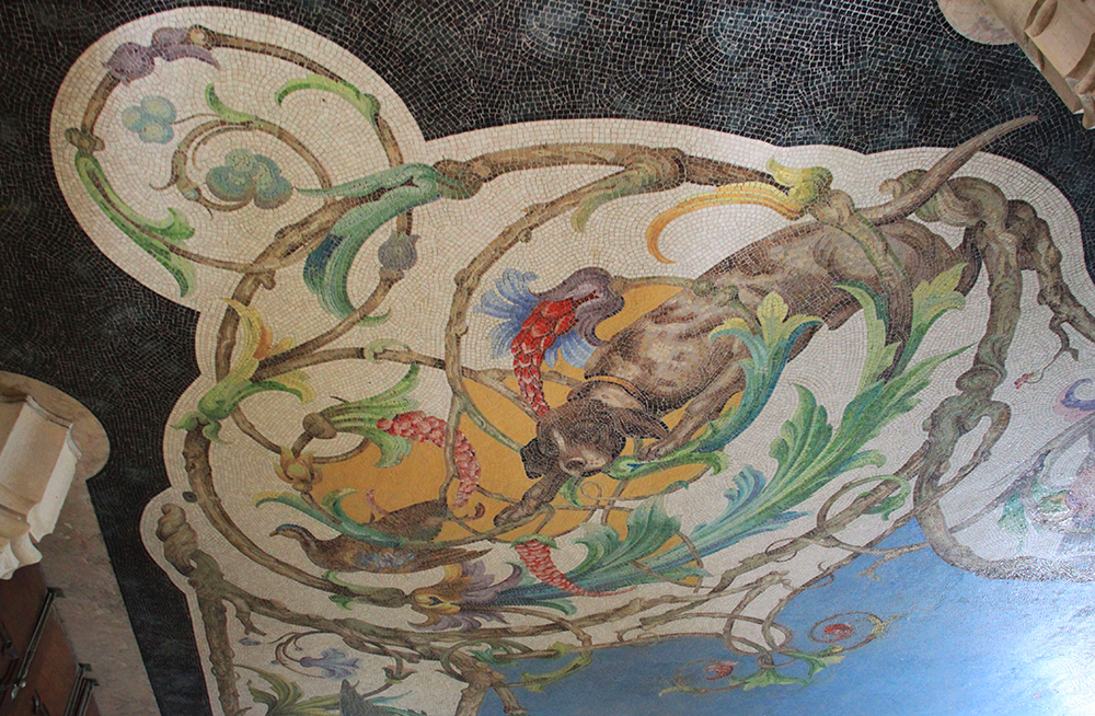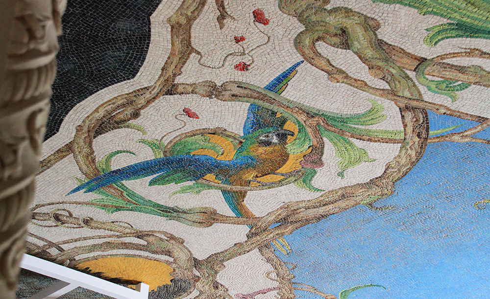 Во дворце красивые интерьеры и вот такой роскошный мозаичный пол.
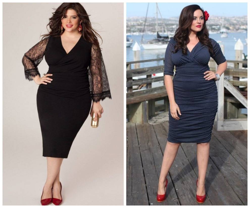 Таким образом, женщина сможет сделать акцент на груди и отвлечь внимание от пышных бедер. Идеально сочетаются такие модели с туфельками на высоком каблучке
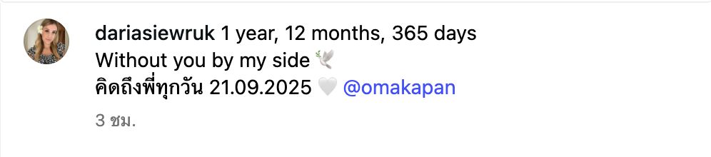แต่ถึงแม้ อ๋อม จะจากไป แต่ดาเรียก็มักจะโพสต์ข้อความถึงสามีของตัวเองอยู่เสมอ และล่าสุด ดาเรียได้โพสต์รูปกับสามียืนกอดกันที่ชายหาด พร้อมเขียนข้อความเอาไว้ว่า "1 year, 12 months, 365 days Without you by my side คิดถึงพี่ทุกวัน 21.09.2025 @omakapan" (1 ปี 12 เดือน 365 วัน ไม่มีเธออยู่เคียงข้าง คิดถึงพี่ทุกวัน 21.09.2025)
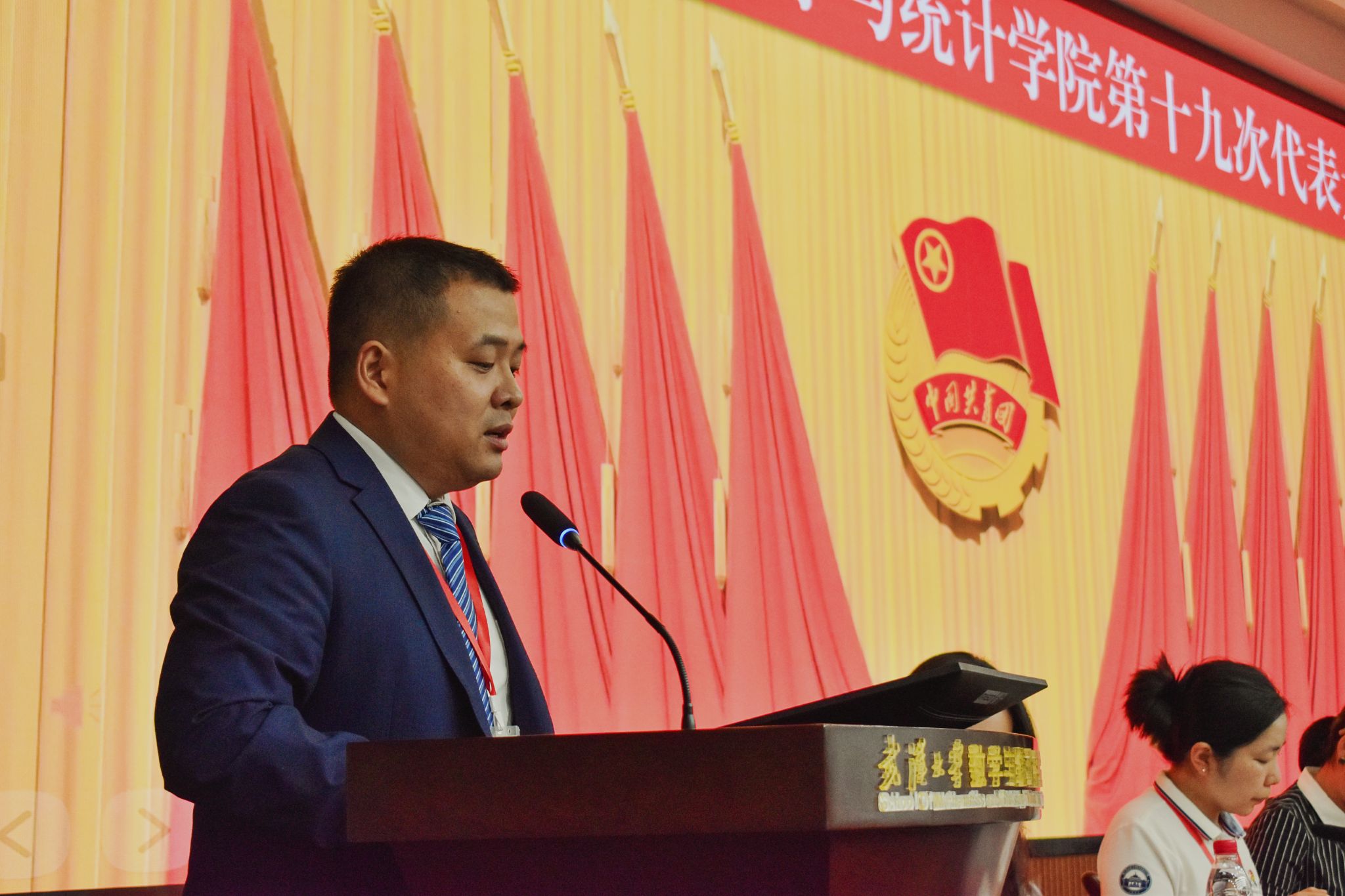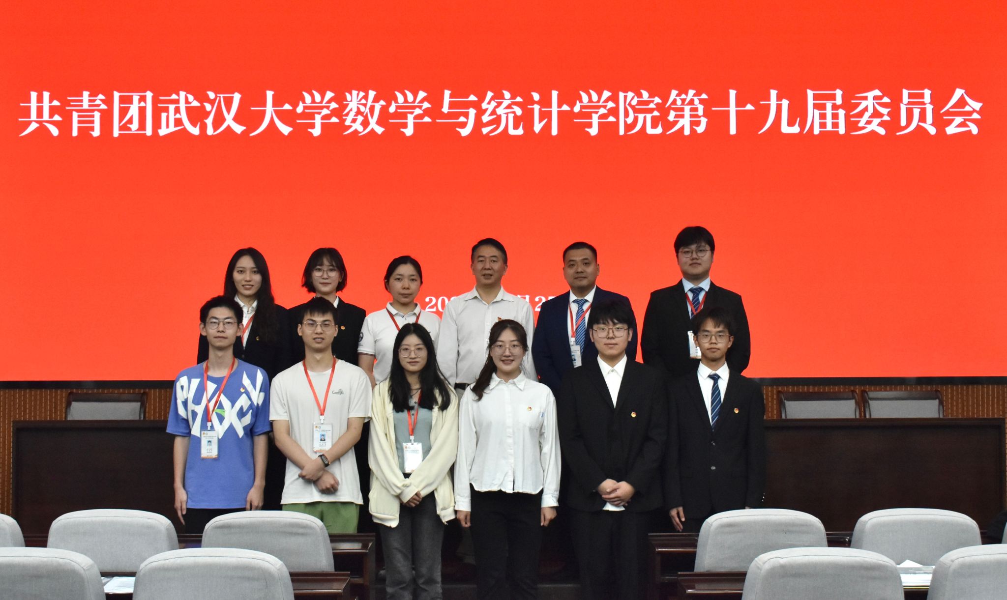 5月25日下午,共青团武汉大学数学与统计学院第十九次代表大会于数学会堂召开。武汉大学团委组织办公室主任陈亚新、数学与统计学院党委副书记汪思明、学生工作办公室主任胡法拉、团委书记刘宇晖出席会议。来自学院本科生、研究生各团支部的团员代表参加会议,曾在学院共青团工作过的部分专兼职团干部应邀列席会议。院学生工作办公室副主任、团委副书记宋智祺主持开幕式暨第一次全体大会。
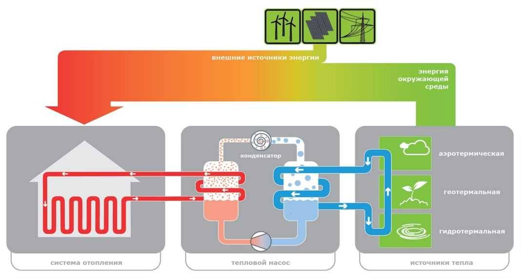 Тепловой насос состоит из компрессора и редукционного клапана, которые обеспечивают разность потенциалов на отдельных участках контура теплового насоса. Внутри труб находится фреон, который благодаря работе компрессора, получает ускорение, и проходя через клапан ускоряет своё движения. Это приводит к существенному подъёму температуры на участке перед компрессором, именно из этого участка, с помощью теплового обмена, и берётся основное тепло для обогрева помещений и горячего водоснабжения.
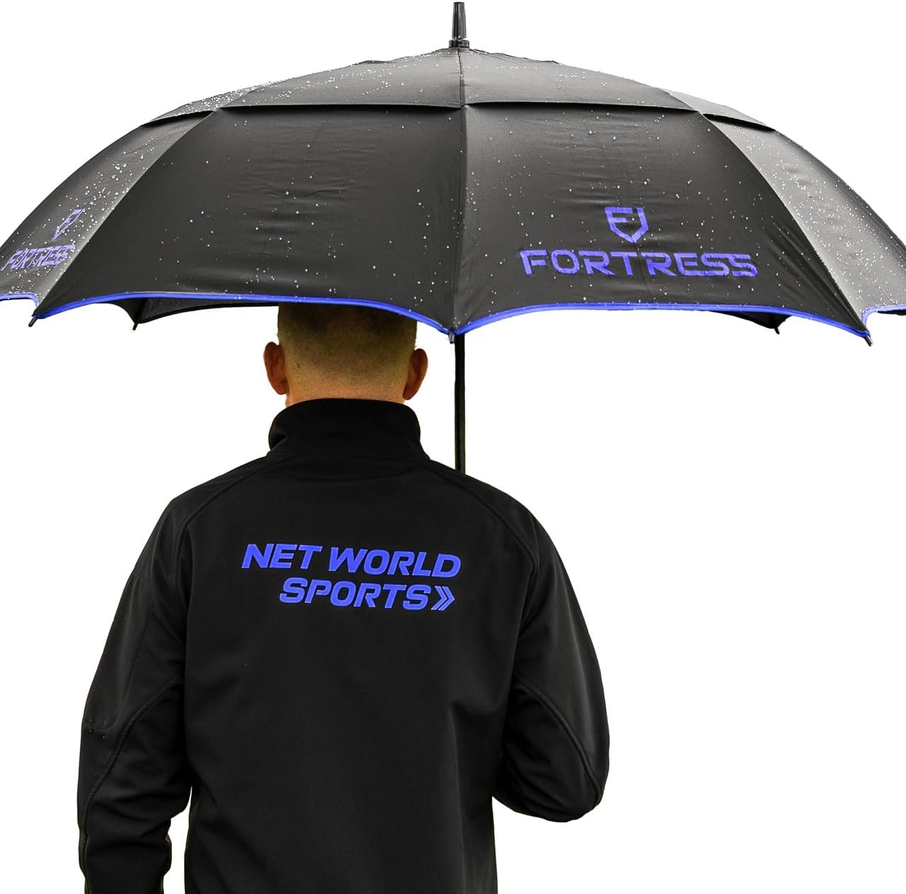 "AVAILABLE STYLES: Net World Sports Football Umbrella: Light blue canopy with white Net World Sports branding & trim FORZA Football Umbrella: Black canopy with yellow FORZA branding & trim FORZA Football Umbrella: Yellow canopy with black FORZA branding & trim FORB Golf Umbrella: Black canopy with green FORB branding & trim Vermont Tennis Umbrella: Black canopy with white Vermont branding & trim FORTRESS Cricket Umbrella: Black canopy with purple FORTRESS branding & trimDIMENSIONS: Diameter: 60in│150cm Height: 40in│ 100cm Handle Length: 6in │ 14cm Weight: 700g | 1.5lbMATERIALS: Premium quality 190t pongee fabric canopy Lightweight fibreglass frame with eight ribs Comfortable EVA foam handleMISCELLANEOUS: Double canopy construction creates a vent for the wind to pass through the umbrella Features a locking button located on the handle for quick & easy opening Perfect for various sports or casual recreational use Each umbrella comes supplied with an ultra-durable storage sheath Available individually or in packs of 5"
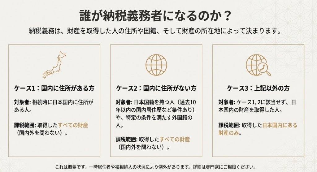 最後に、誰が納税義務を負うのか、そしてどの範囲の財産が課税対象となるのかを確認します。この点は、財産を取得した人の住所地や国籍によって扱いが異なるため、細心の注意が必要です。
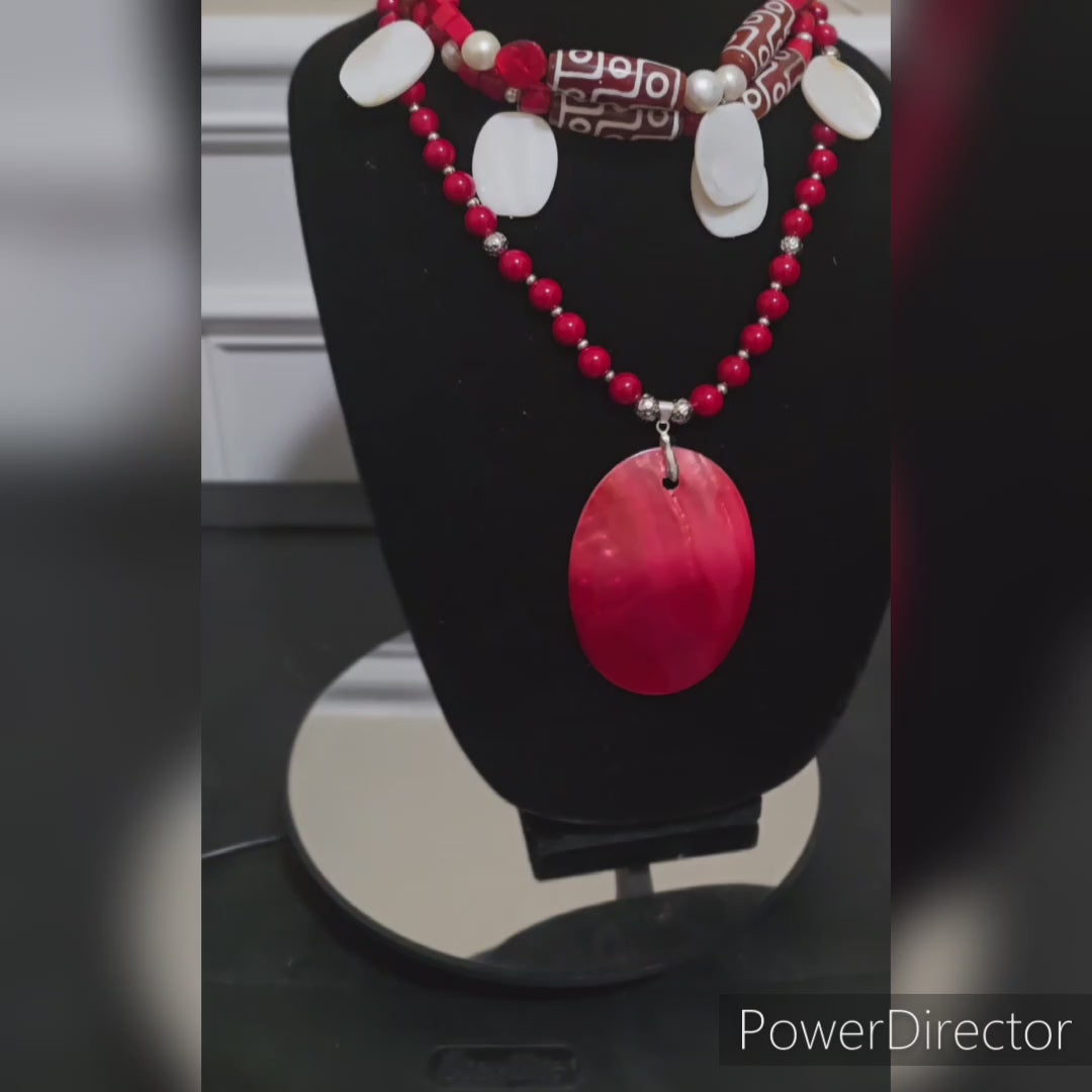 Experience the unique and exquisite beauty of our Red Coral and Shell Choker Necklace Set. Each piece is carefully crafted with certified irregular red coral beads, 8mm in size. The pendant is a striking red dyed sea shell, accompanied by red and silver beads as spacers. The choker consists of two strands, featuring tibetan jasper tubes, coral beads, and accents of freshwater pear beads. Adding to its charm are the delicate white shells that adorn the first layer. .
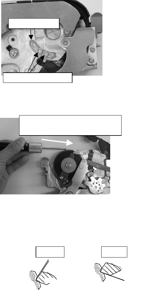 2)拧松棘轮爪止动器的 2 个固定螺丝,把棘轮爪止动器移动到最后位置。
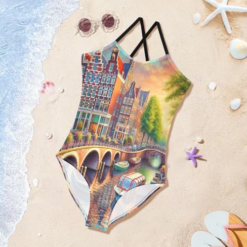 Ship Canal Trees Girls Swimsuit Bathing Suit Summer Beach Swimwear One Piece Swimsuits 4
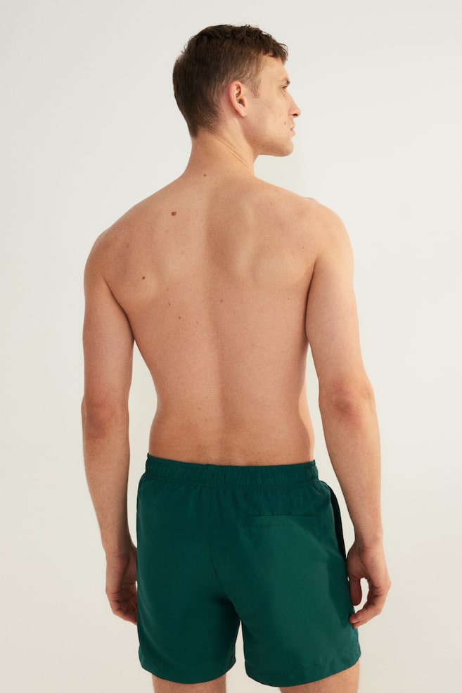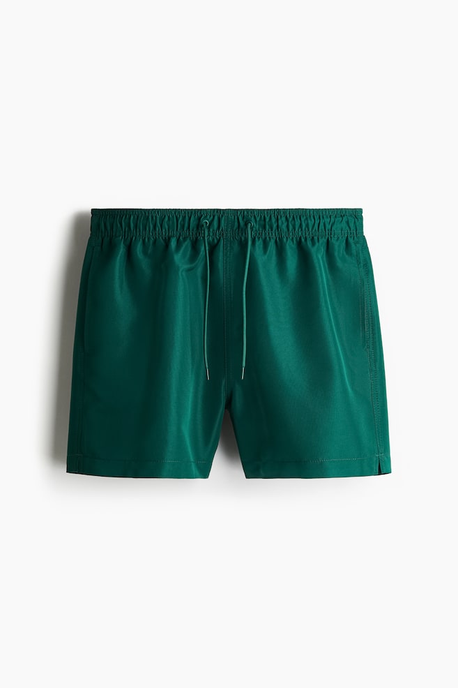 Тканые шорты для плавания с эластичным поясом на шнурке, боковыми карманами и задним карманом на липучке. Короткие разрезы по бокам штанин и сетчатые внутренние трусики. Рост модели: Рост модели 189 см/6 футов 2 дюйма, размер M. Длина: Короткая Посадка: Стандартная
= = =
Return exactly the lines starting at the line with "Experience the unique" and ending at the last line of the listing, both ends included; pictures are to be left out.

* _REPLY_
 Experience the unique and exquisite beauty of our Red Coral and Shell Choker Necklace Set. Each piece is carefully crafted with certified irregular red coral beads, 8mm in size. The pendant is a striking red dyed sea shell, accompanied by red and silver beads as spacers. The choker consists of two strands, featuring tibetan jasper tubes, coral beads, and accents of freshwater pear beads. Adding to its charm are the delicate white shells that adorn the first layer. .
 2)拧松棘轮爪止动器的 2 个固定螺丝,把棘轮爪止动器移动到最后位置。
 Ship Canal Trees Girls Swimsuit Bathing Suit Summer Beach Swimwear One Piece Swimsuits 4
 Тканые шорты для плавания с эластичным поясом на шнурке, боковыми карманами и задним карманом на липучке. Короткие разрезы по бокам штанин и сетчатые внутренние трусики. Рост модели: Рост модели 189 см/6 футов 2 дюйма, размер M. Длина: Короткая Посадка: Стандартная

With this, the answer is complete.